By listing alternative elements, some statutes create multiple offenses. See United States v. Vanoy, 957 F.3d 865, 867 (8th Cir. 2020). These “divisible” statutes trigger a modified categorical approach, where “certain approved documents” may “determine which statutory phrase was the basis for the conviction.” Id., citing Descamps, 570 U.S. at 263. The modified categorical approach then compares the appropriate statutory phrase to the ACCA’s description of a predicate offense. See Descamps, 570 U.S. at 263.

The Tennessee statute that Coleman violated states: “It is an offense for a defendant to knowingly: (1) Manufacture a controlled substance; (2) Deliver a -3- controlled substance; (3) Sell a controlled substance; or (4) Possess a controlled substance with intent to manufacture, deliver or sell the controlled substance.” Tenn. Code § 39-17-417(a) (2003). The statute is divisible because an individual may violate it by manufacturing, or delivering, or selling, or possessing with the intent to manufacture/deliver/sell a controlled substance. See United States v. Goldston, 906 F.3d 390, 394 (6th Cir. 2018) (holding this statute is divisible).
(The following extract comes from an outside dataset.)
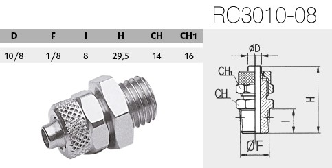 The RC3010 series of push-in fittings from GAV are available in different styles including straight female and conical, cylindrical, and metric male models. It may also be in L male conical, or an L metric, or revolving cylindrical male elbow.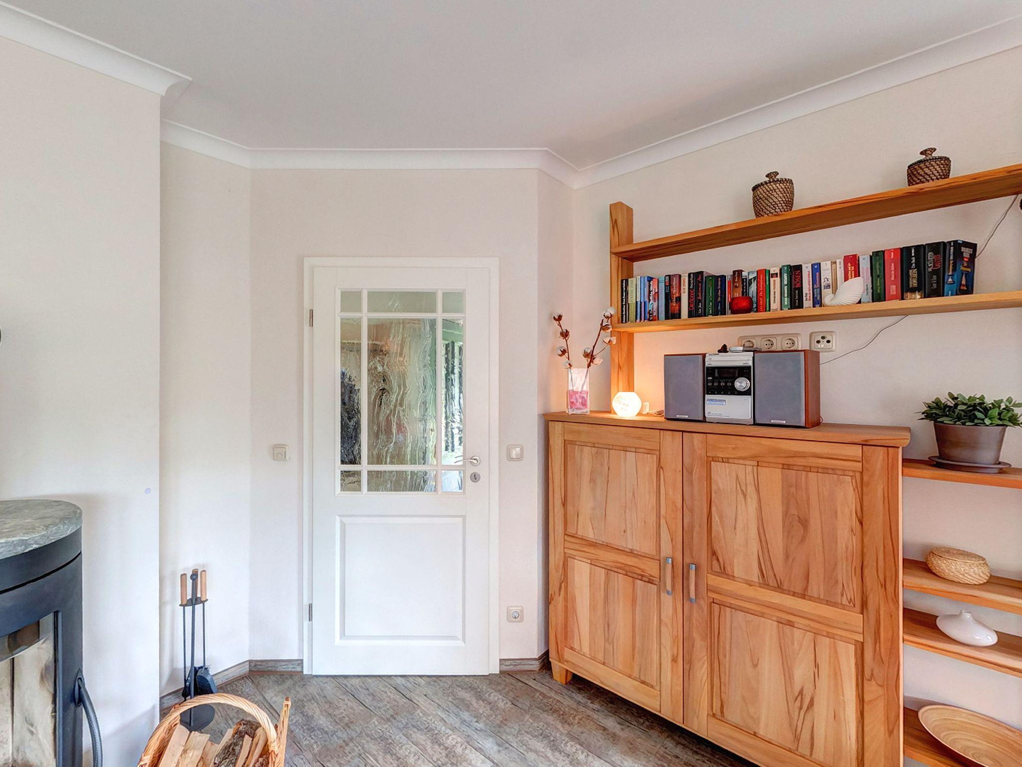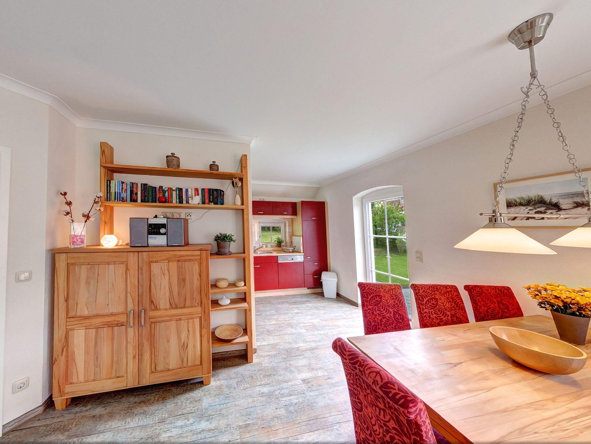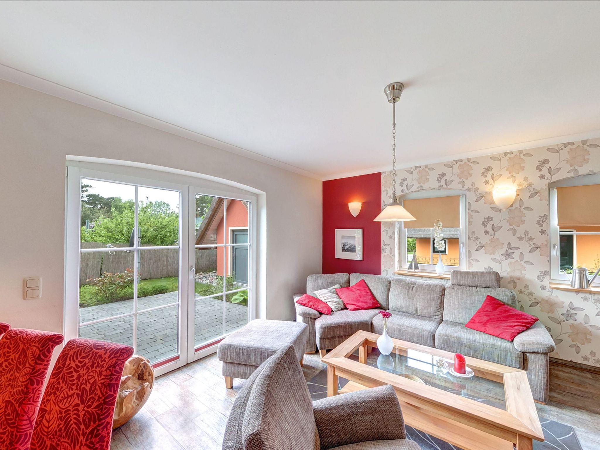Im Erdgeschoss dieses charmanten Hauses erwartet Sie ein großzügiger, lichtdurchfluteter Wohn- und Essbereich, der nahtlos an eine voll ausgestattete Küche angrenzt. Hier können Sie Ihre Lieblingsgerichte zubereiten und gemeinsam am großen, hölzernen Esstisch genießen. Der Wohnbereich ist mit einer bequemen Couch, einem gemütlichen Kaminofen und einem Flat-TV ausgestattet - perfekt für entspannte Stunden. Vom Wohnraum aus haben Sie direkten Zugang zu Ihrer möblierten Terrasse, auf der Sie das herrliche Ostseewetter in vollen Zügen genießen können.

The Tennessee indictment and judgment show that Coleman was convicted under section 39-17-417(a)(4). See Case No. 242630, Alexander Monday Coleman, in Hamilton Cty. Crim. Ct. Recs., available at http://cjuscriminal.hamiltontn.gov/appfolder/cc_Web_Calendar.aspx (last visited Aug. 10, 2020) (reflecting the charge listed in the indictment and the judgment). The indictment’s heading reads “Possession of Cocaine for Resale,” a phrase the judgment repeats twice in abbreviated form. The charge in the indictment recites the fourth subsection’s text: “Alexander Monday Coleman . . . did unlawfully and knowingly possess a controlled substance . . . with intent to sell or deliver” (emphasis added). See Mathis v. United States, 136 S. Ct. 2243, 2249 (2016) (authorizing the use of an indictment in the modified categorical approach). Coleman quibbles, highlighting the imprecise term “resale” in both the indictment and the judgment. Regardless, the indictment’s and judgment’s four references to “possession” leave no doubt: Coleman was convicted under the fourth subsection of 39-17-417(a).